[Start of section]
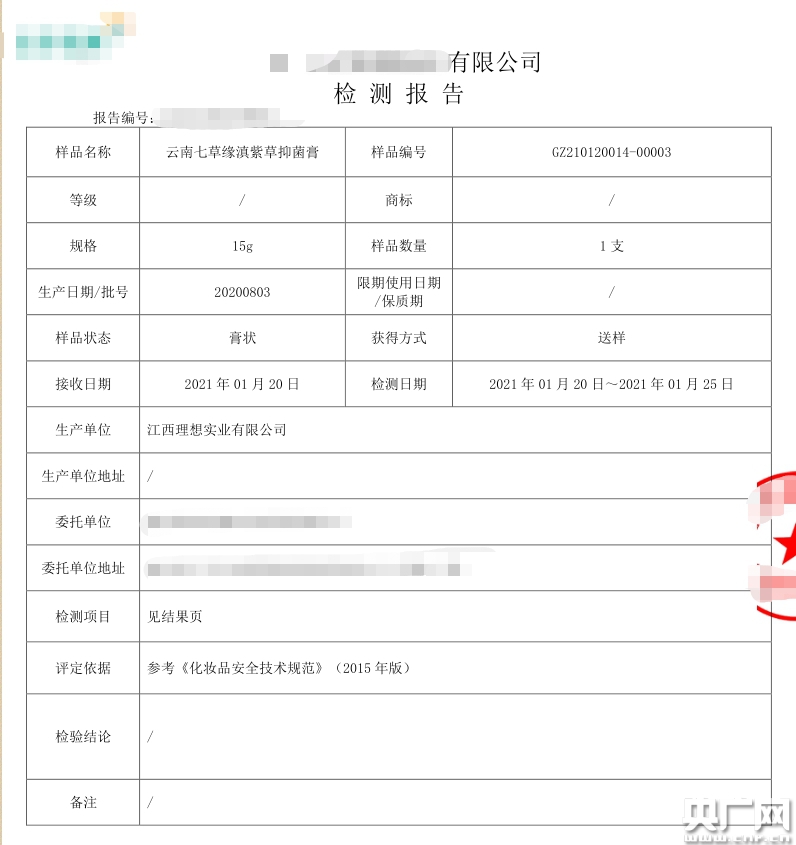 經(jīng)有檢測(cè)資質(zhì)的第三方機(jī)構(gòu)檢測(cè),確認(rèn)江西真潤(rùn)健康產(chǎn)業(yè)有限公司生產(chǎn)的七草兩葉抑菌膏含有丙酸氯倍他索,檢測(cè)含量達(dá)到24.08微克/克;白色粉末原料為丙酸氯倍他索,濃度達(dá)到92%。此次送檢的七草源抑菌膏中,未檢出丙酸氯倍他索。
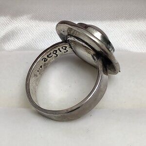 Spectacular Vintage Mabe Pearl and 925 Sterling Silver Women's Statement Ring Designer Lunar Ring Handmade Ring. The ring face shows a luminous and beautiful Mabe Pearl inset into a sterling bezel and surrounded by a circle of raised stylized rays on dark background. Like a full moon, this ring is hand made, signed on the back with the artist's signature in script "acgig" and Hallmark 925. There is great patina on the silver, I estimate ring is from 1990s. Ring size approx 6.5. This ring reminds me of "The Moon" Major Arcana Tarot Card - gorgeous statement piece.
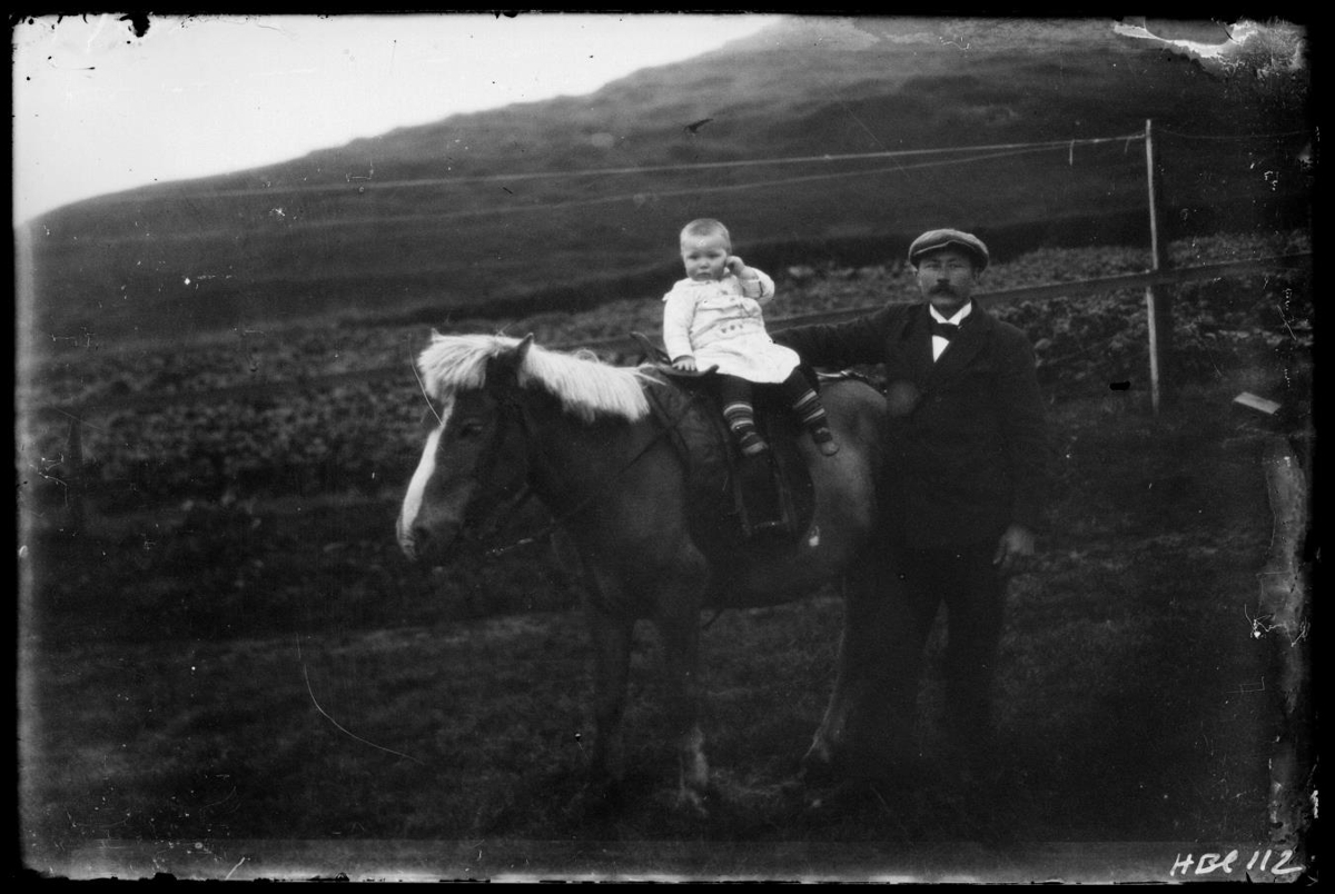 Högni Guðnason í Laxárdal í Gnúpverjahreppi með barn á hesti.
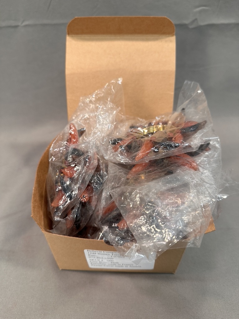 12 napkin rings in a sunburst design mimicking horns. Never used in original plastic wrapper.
[End of section]
## Task description
Repeat the material exactly. Skip the images.

## Answer to this task
 經(jīng)有檢測(cè)資質(zhì)的第三方機(jī)構(gòu)檢測(cè),確認(rèn)江西真潤(rùn)健康產(chǎn)業(yè)有限公司生產(chǎn)的七草兩葉抑菌膏含有丙酸氯倍他索,檢測(cè)含量達(dá)到24.08微克/克;白色粉末原料為丙酸氯倍他索,濃度達(dá)到92%。此次送檢的七草源抑菌膏中,未檢出丙酸氯倍他索。
 Spectacular Vintage Mabe Pearl and 925 Sterling Silver Women's Statement Ring Designer Lunar Ring Handmade Ring. The ring face shows a luminous and beautiful Mabe Pearl inset into a sterling bezel and surrounded by a circle of raised stylized rays on dark background. Like a full moon, this ring is hand made, signed on the back with the artist's signature in script "acgig" and Hallmark 925. There is great patina on the silver, I estimate ring is from 1990s. Ring size approx 6.5. This ring reminds me of "The Moon" Major Arcana Tarot Card - gorgeous statement piece.
 Högni Guðnason í Laxárdal í Gnúpverjahreppi með barn á hesti.
 12 napkin rings in a sunburst design mimicking horns. Never used in original plastic wrapper.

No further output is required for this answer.